Orgue et harmonium : quelles différences ?

Souvent oublié dans un coin de sacristie ou remisé au fond de l'église, l'harmonium, progressivement remplacé par l'orgue électronique à  partir des années 1970 est un instrument de collection à  redécouvrir et protéger. L'un de ses intérêts réside dans la possibilité de varier les nuances, impossible à  réaliser dans l'orgue autrement que par le biais de la " boîte expressive ".

L'harmonium est riche d'un répertoire insoupçonné. Il partage avec l'orgue : le clavier, les registres, la soufflerie. Mais, plutôt que les tuyaux, c'est le principe de l'anche libre qui est ici retenu. Ce sont les facteurs Debain (1809-1877), Victor Mustel (1815-1890), Alexandre Père et Fils (1804-1876) et Edouard (1824-1888) qui lui donnèrent ses titres de gloire. Aristide Cavaillé Coll avait lui aussi participé à  l'enfantement de l'instrument avec son poïkilorgue (1834). On peut également retenir les manufactures suivantes dont les noms constituaient à  eux seuls un gage de qualité : l'abbé Clergeau, Dumont-Lelièvre, Kasriel, Richard, Christophe et Etienne.

L'anche libre

L'élément essentiel de l'harmonium est l'anche libre. L'anche libre est une languette de laiton battu, fixée en une de ses extrémités par rivetage sur un cadre métallique, laissant entre elle et ce cadre, un espace infiniment petit qui lui permet de vibrer sous un courant d'air plus ou moins constant, sans toucher les parois de l'ouverture pratiquée dans ce cadre. C'est elle, qui en vibrant, produit le son émis par l'harmonium. A chaque note du clavier correspond une anche. Cette série d'anches est appelée jeu.

Comme l'harmonium, l'accordéon et l'harmonica sont des instruments à  anche libre. L'orgue au contraire produit les sons à  l'aide d'ensembles de tuyaux sonores alimentés par une soufflerie, et accordés suivant une gamme définie.
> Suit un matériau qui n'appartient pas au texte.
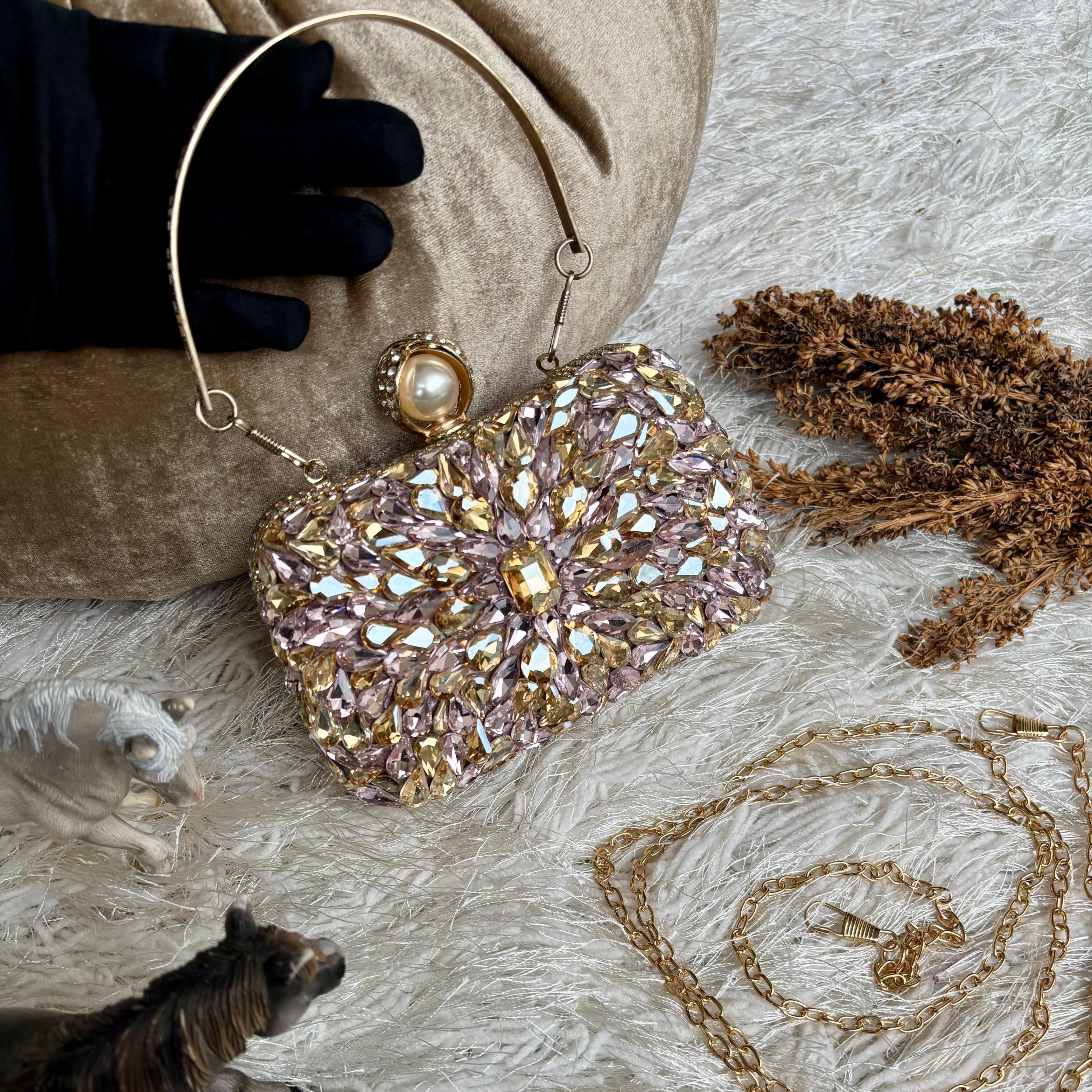 A sophisticated rectangular clutch showcasing a blend of rose gold, and champagne stones in a centered, star-like arrangement. It has a sleek, rounded gold top handle and a prominent pearl and crystal closure.

L'invention de l'harmonium au XIXe siècle et son succès

Instrument à  vent sans tuyaux et à  clavier, l'harmonium est destiné à  suppléer l'orgue dans les locaux de petites dimensions (salons, écoles ou chapelles). Inventé par Alexandre François Debain en 1842, il connaît un succès dans les salons à  partir du Second Empire (1852-1870) et se diffuse également dans les petites églises. Il est supplanté à  son tour au XXe siècle par les instruments électriques à  clavier. L'harmonium permet aussi d'évoquer les métiers entourant la fabrication des instruments de musique : du luthier au facteur, ancien "faiseur" à  partir de 1815, le paysage musical français se modifie peu à  peu. Les salons qui permettaient des échanges littéraires, philosophiques voire politiques, deviennent des endroits privilégiés pour la mélodie et le chant romantique. L'harmonium est l'instrument typique du Second Empire. Il apparaît en France sous le nom d''orgue expressif: cet instrument permet en effet au musicien de diminuer ou d'augmenter à  volonté l'intensité sonore, afin de rendre au morceau son expression la meilleure. Ce n'était pas le cas de l'orgue à  tuyaux (dont on trouve la trace dès l'Antiquité). Au Moyen Age, l'orgue est si bruyant que certains facteurs d'orgues n'hésitent pas à  proposer que la soufflerie de l'instrument soit installée à  l'extérieur de l'église ! En 1842, le facteur d'orgues Alexandre François Debain conçoit donc un instrument alliant l'air et le clavier -d'après les travaux de son confrère Grenié sur l'anche libre (autour de 1810) - , qu'il appelle "harmonium". L'instrument, moins coûteux, plus léger et nécessitant moins d'entretien que le piano, est destiné à  être utilisé dans les salons. L'harmonium se retrouve aussi rapidement dans les églises trop petites ou trop modestes pour accueillir un orgue à  tuyau : il est souvent qualifié d''orgue du pauvre.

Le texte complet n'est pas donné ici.